TextRank summary might miss nuances and context, leading to less accurate or overly simplistic outputs compared to transformer-based models.

- **Solution**: Combined TextRank and Transformer-based summarization models in a hybrid approach to leverage the best of both worlds—speed from TextRank and accuracy from transformers.


---

### SCREENSHOTS

!!! success "Project flowchart"

``` mermaid
graph LR
A[Start] --> B[Load Dataset]
B --> C[Preprocessing]
C --> D[TextRank + TF-IDF / Transformer Models]
D --> E{Compare Performance}
E -->|Best Model| F[Deploy]
E -->|Retry| C;
```

??? example "Confusion Matrix"

=== "TF-IDF Confusion Matrix"
![tfidf](https://github.com/user-attachments/assets/28f257e1-2529-48f1-81e5-e058a50fb351)

=== "TextRank Confusion Matrix"
![textrank](https://github.com/user-attachments/assets/cb748eff-e4f3-4096-ab2b-cf2e4b40186f)

=== "Transformers Confusion Matrix"
![trans](https://github.com/user-attachments/assets/7e99887b-e225-4dd0-802d-f1c2b0e89bef)


### CONCLUSION

#### KEY LEARNINGS

!!! tip "Insights gained from the data"
- Data Complexity: News articles vary in length and structure, requiring different summarization techniques.
- Text Preprocessing: Cleaning text (e.g., stopword removal, tokenization) significantly improves summarization quality.
- Feature Extraction: Techniques like TF-IDF, TextRank, and Transformer embeddings help in effective text representation for summarization models.
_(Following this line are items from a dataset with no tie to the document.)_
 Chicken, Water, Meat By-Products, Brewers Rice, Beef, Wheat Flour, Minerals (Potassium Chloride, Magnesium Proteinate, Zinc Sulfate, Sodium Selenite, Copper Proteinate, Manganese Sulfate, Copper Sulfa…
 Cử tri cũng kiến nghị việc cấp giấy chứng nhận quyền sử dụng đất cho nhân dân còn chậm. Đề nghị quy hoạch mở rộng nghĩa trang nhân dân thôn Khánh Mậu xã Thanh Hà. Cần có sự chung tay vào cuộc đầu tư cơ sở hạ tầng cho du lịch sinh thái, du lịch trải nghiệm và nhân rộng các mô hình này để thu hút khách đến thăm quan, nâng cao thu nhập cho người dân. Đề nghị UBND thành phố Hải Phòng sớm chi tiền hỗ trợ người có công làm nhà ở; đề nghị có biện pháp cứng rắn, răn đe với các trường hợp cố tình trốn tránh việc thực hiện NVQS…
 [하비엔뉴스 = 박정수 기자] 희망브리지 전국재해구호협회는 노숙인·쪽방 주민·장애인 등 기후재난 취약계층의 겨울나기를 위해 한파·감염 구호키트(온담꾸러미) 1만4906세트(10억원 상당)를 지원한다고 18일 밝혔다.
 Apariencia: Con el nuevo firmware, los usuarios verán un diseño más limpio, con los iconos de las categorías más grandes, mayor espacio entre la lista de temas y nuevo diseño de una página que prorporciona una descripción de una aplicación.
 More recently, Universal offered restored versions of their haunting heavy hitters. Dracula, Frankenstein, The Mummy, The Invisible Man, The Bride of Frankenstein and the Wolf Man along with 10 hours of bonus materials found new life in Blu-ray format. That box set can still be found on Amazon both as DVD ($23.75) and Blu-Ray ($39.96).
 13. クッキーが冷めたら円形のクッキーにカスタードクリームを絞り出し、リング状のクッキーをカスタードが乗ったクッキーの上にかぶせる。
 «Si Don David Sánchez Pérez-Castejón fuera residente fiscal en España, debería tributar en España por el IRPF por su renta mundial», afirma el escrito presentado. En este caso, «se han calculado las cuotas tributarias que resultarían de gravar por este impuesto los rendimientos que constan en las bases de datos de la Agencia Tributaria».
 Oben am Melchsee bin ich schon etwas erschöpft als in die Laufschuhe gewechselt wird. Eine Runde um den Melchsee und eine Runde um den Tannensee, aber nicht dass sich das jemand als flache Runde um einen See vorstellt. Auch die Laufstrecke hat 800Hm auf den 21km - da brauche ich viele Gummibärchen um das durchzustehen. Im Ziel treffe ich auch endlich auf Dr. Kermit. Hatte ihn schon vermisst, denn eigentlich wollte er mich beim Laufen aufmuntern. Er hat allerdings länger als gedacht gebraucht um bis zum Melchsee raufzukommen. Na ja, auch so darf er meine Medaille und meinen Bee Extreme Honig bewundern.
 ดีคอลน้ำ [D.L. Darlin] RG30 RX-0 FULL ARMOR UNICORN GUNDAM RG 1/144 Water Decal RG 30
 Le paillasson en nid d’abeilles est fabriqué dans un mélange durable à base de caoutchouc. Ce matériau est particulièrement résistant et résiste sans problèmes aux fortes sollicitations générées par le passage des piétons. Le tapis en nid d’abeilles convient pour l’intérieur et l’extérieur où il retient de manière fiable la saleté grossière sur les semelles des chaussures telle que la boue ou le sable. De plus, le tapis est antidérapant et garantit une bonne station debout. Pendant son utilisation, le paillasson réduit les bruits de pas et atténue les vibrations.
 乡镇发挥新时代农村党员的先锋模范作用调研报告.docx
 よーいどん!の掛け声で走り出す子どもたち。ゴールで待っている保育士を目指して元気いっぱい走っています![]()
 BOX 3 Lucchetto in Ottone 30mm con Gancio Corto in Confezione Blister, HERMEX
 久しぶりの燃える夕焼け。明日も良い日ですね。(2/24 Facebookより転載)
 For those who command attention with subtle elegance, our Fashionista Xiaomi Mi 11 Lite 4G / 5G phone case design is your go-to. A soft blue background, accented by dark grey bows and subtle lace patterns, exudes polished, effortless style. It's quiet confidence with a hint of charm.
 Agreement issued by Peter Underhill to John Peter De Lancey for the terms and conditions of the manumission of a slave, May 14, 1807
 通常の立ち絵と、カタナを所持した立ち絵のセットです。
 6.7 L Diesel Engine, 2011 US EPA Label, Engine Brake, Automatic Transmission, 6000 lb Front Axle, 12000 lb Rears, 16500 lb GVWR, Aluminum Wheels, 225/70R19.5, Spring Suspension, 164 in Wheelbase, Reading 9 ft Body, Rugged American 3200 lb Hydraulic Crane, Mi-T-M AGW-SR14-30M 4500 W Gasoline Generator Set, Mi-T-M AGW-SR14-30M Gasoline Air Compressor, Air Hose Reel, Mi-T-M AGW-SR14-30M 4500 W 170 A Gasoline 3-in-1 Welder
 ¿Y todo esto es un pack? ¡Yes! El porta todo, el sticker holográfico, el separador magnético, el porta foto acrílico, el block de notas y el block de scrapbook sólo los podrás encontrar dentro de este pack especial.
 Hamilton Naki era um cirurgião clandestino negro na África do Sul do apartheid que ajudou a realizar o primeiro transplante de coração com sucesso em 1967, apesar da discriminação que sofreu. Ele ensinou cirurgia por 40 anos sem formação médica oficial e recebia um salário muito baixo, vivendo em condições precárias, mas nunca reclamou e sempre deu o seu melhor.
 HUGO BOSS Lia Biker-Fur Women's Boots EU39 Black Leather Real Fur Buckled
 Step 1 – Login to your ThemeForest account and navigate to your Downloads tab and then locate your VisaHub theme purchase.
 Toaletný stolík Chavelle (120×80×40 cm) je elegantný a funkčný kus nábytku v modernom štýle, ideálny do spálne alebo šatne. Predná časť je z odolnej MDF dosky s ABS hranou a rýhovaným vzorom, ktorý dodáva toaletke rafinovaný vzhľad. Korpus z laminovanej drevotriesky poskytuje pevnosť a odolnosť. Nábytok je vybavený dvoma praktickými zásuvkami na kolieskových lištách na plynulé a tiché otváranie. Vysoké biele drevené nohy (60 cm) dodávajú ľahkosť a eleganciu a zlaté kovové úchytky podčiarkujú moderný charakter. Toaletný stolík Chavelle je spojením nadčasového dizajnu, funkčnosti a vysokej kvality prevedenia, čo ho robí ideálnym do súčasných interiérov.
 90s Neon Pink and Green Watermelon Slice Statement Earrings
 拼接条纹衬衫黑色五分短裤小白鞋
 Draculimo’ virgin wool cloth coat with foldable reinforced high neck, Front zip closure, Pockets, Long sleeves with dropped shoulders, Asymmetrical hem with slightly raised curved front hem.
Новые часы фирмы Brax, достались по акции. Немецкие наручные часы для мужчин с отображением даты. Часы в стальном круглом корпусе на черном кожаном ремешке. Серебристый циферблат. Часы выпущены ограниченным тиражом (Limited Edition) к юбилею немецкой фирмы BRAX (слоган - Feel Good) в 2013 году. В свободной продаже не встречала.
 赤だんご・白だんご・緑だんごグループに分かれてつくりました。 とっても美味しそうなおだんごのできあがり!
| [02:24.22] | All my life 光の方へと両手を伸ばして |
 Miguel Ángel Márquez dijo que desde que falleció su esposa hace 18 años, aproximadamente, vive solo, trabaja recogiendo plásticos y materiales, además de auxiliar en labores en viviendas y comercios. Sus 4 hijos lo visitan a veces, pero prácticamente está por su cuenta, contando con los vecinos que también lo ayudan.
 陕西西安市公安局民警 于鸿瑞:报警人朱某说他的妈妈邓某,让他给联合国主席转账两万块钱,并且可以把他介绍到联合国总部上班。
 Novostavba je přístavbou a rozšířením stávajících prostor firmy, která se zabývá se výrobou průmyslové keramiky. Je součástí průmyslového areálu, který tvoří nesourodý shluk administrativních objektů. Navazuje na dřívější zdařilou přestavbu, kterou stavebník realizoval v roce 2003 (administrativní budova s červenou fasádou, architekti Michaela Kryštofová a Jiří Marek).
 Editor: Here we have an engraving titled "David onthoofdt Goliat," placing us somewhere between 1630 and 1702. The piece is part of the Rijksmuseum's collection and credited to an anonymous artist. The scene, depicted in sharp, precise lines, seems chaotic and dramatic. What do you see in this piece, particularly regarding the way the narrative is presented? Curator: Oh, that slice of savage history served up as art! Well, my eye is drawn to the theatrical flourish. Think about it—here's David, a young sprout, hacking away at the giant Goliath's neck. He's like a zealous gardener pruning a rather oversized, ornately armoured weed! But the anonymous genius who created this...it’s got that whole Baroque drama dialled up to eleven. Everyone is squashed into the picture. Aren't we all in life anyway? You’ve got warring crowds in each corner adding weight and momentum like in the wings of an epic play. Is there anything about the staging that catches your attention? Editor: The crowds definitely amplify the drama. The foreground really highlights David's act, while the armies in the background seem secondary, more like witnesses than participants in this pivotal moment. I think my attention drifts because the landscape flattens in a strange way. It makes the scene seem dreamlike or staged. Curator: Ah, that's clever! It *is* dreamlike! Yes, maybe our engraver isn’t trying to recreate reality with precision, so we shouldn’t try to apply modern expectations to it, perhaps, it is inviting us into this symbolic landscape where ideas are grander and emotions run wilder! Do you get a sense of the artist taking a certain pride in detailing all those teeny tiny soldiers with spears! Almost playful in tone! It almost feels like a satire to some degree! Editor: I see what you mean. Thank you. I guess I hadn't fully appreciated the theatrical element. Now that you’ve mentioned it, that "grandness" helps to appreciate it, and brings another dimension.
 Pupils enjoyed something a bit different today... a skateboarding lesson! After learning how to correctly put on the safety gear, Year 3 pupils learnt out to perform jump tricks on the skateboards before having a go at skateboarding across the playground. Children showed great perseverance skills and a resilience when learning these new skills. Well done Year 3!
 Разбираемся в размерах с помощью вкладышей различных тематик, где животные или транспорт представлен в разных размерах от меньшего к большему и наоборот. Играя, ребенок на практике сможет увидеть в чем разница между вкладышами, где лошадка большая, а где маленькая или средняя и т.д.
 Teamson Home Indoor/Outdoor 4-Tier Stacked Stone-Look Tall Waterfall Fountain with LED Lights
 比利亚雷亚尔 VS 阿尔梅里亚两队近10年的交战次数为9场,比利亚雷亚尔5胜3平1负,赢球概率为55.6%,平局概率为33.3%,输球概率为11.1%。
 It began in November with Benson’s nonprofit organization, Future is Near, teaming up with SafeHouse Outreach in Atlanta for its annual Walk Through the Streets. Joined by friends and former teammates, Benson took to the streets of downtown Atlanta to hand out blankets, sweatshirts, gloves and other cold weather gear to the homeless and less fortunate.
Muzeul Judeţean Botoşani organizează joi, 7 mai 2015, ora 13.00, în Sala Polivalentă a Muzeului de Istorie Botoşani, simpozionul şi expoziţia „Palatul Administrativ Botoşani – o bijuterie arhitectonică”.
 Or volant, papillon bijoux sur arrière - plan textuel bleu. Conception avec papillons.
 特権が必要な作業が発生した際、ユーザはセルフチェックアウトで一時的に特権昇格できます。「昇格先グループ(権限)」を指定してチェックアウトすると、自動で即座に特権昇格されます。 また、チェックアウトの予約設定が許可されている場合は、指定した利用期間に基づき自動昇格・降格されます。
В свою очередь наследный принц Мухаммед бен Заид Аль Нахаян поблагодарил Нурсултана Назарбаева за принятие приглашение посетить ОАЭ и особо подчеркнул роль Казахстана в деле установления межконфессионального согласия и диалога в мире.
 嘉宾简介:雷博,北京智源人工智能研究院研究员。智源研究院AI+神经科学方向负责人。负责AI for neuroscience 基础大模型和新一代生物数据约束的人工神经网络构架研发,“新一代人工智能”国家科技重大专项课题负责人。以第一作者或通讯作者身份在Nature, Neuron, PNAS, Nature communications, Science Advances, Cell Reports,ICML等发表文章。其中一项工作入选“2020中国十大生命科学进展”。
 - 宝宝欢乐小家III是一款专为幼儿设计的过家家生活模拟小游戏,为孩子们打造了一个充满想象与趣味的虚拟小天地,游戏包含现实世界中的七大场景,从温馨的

??? tip "Improvements in understanding machine learning concepts"
- Model Selection: Comparing extractive (TextRank, TF-IDF) and abstractive (Transformers) models to determine the best summarization approach.

??? tip "Challenges faced and how they were overcome"
- Long Text Processing: Splitting lengthy articles into manageable sections before summarization.
- Computational Efficiency: Used batch processing and model optimization to handle large datasets efficiently.

---

#### USE CASES

=== "Application 1"

**News Aggregation & Personalized Summaries**

- Automating news summarization helps users quickly grasp key events without reading lengthy articles.
- Used in news apps, digital assistants, and content curation platforms.

=== "Application 2"

**Legal & Academic Document Summarization**

- Helps professionals extract critical insights from lengthy legal or research documents.
- Reduces the time needed for manual reading and analysis.